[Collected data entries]
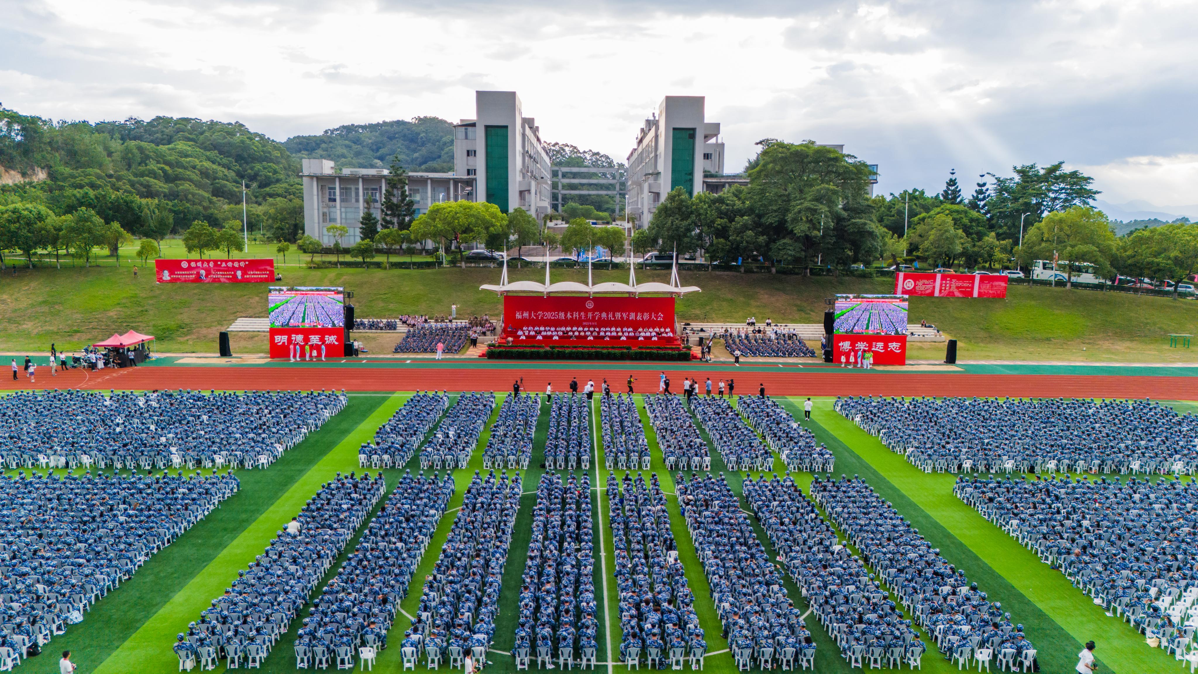 融媒中心讯/秋阳烁金,军魂铸志,旌旗招展,青春昂扬。9月21日,福州大学2025级本科生开学典礼暨军训表彰大会在铜盘校区田径场举行。校领导陈国龙、吴明红、王向阳、杨黄浩、郑煦林、张亚雷、江莉龙、邱挺出席典礼,校友代表、1985级电力系统及其自动化专业毕业生、恒锋信息科技股份有限公司董事长魏晓曦受邀出席。学校相关部处及各学院负责人、教师代表,承训部队全体官兵,2025级全体本科新生及新生辅导员参加典礼。典礼由校...
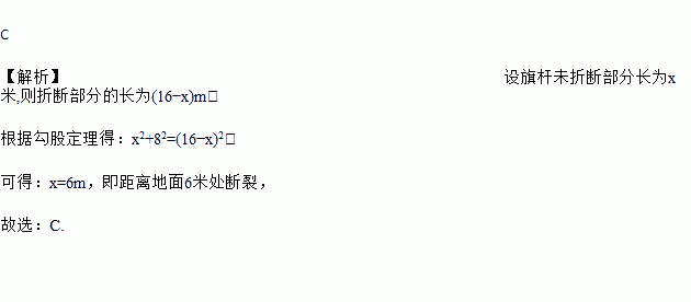 如图所示,台风过后某小学的旗杆在B处断裂,旗杆顶部A落在离旗杆底部C点8米处,已知旗杆长16米,则旗杆断裂的地方距底部( )
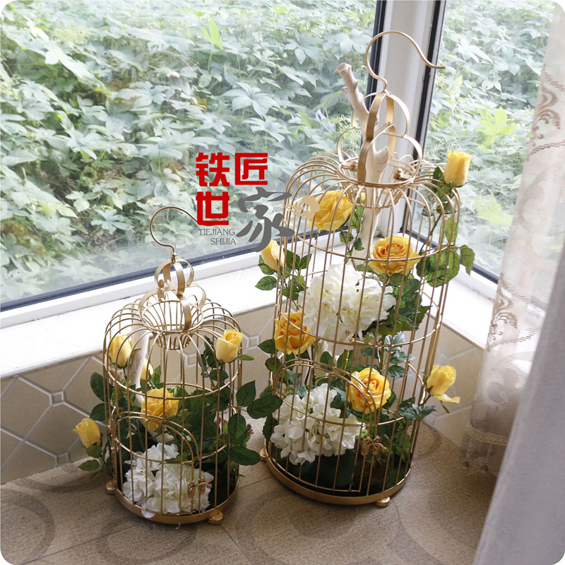 Decorative Bird Cage Iron Art Bird Cage Decoration Bird Cage Swing Piece White Bird Cage Floral Shop Window Bird Cage Props
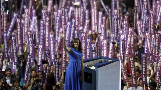 First Lady Michelle Obama also received a rapturous reception for a powerful speech in which she took on Republican nominee Donald Trump.
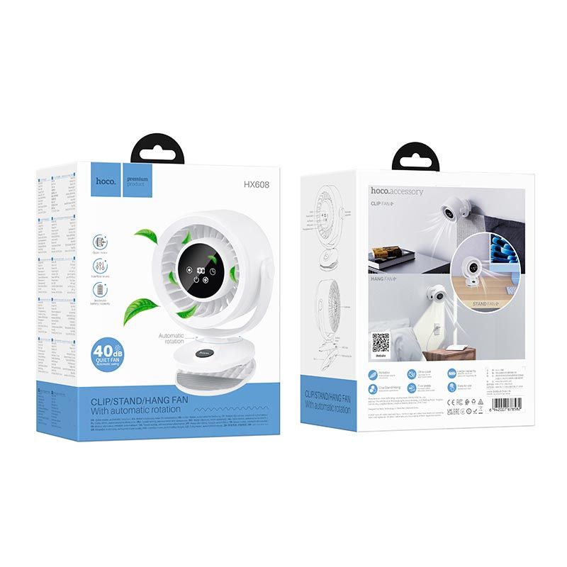 Вентилятор HOCO clip mount fan HX608 |5 Levels, 2.5.2-8h, 40dB| white
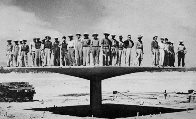 /January 5, 2012 by Thomas DeVoss subtilitas: Testing the structural integrity of Felix Candela’s hyberbolic-parabaloid concrete umbrella system, Mexico 1950’s. Via. Source: http://subtilitas.tumblr.com/post/14625038...
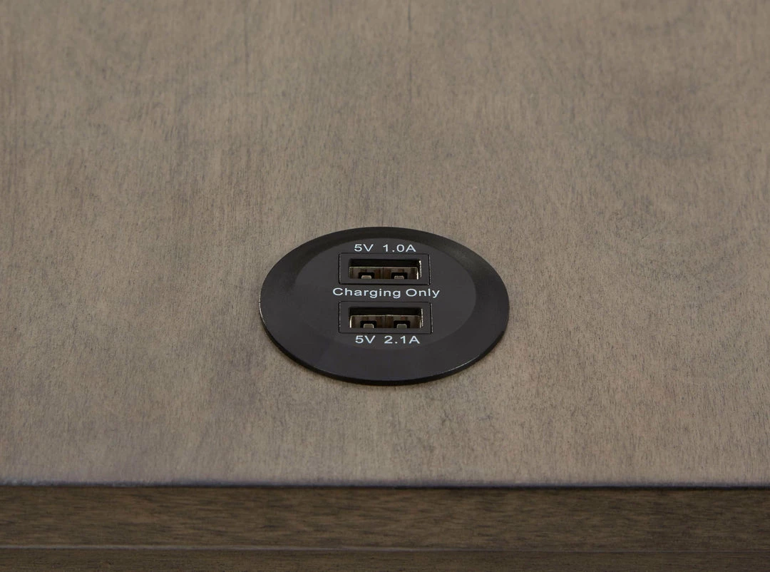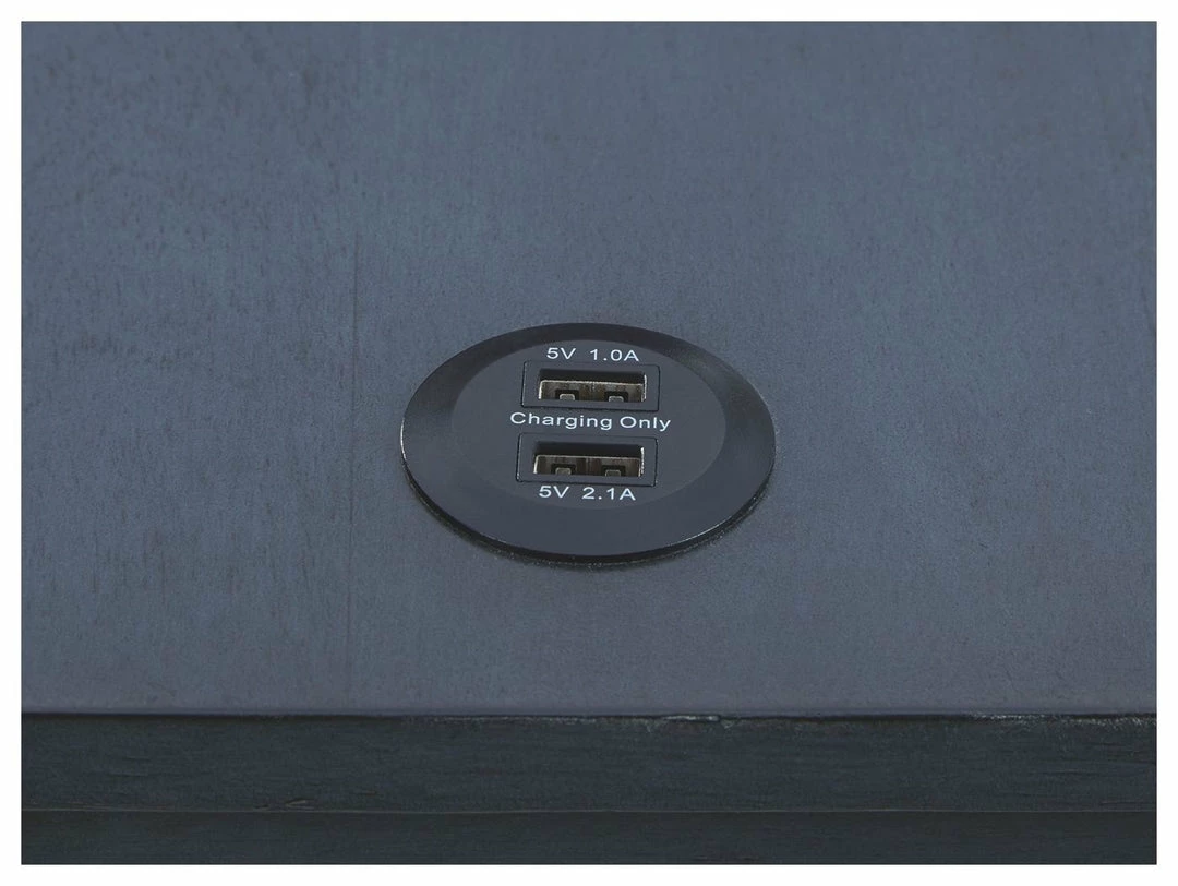 A study in seeming contradictions, this accent table is both practical and stylish. A storage drawer lets you keep necessary items in reach while out of sight, and two USB ports keep your devices powered up as you wind down. The clean lines and antique blue finish give this piece a high-design profile to elevate your space.

## YOUR ASSIGNMENT
Return only the lines from the start of the data through the line that contains "如图所示,台风过后某小学的旗", please, copying them exactly and omitting all pictures.

## WRITTEN RESPONSE
 融媒中心讯/秋阳烁金,军魂铸志,旌旗招展,青春昂扬。9月21日,福州大学2025级本科生开学典礼暨军训表彰大会在铜盘校区田径场举行。校领导陈国龙、吴明红、王向阳、杨黄浩、郑煦林、张亚雷、江莉龙、邱挺出席典礼,校友代表、1985级电力系统及其自动化专业毕业生、恒锋信息科技股份有限公司董事长魏晓曦受邀出席。学校相关部处及各学院负责人、教师代表,承训部队全体官兵,2025级全体本科新生及新生辅导员参加典礼。典礼由校...
 如图所示,台风过后某小学的旗杆在B处断裂,旗杆顶部A落在离旗杆底部C点8米处,已知旗杆长16米,则旗杆断裂的地方距底部( )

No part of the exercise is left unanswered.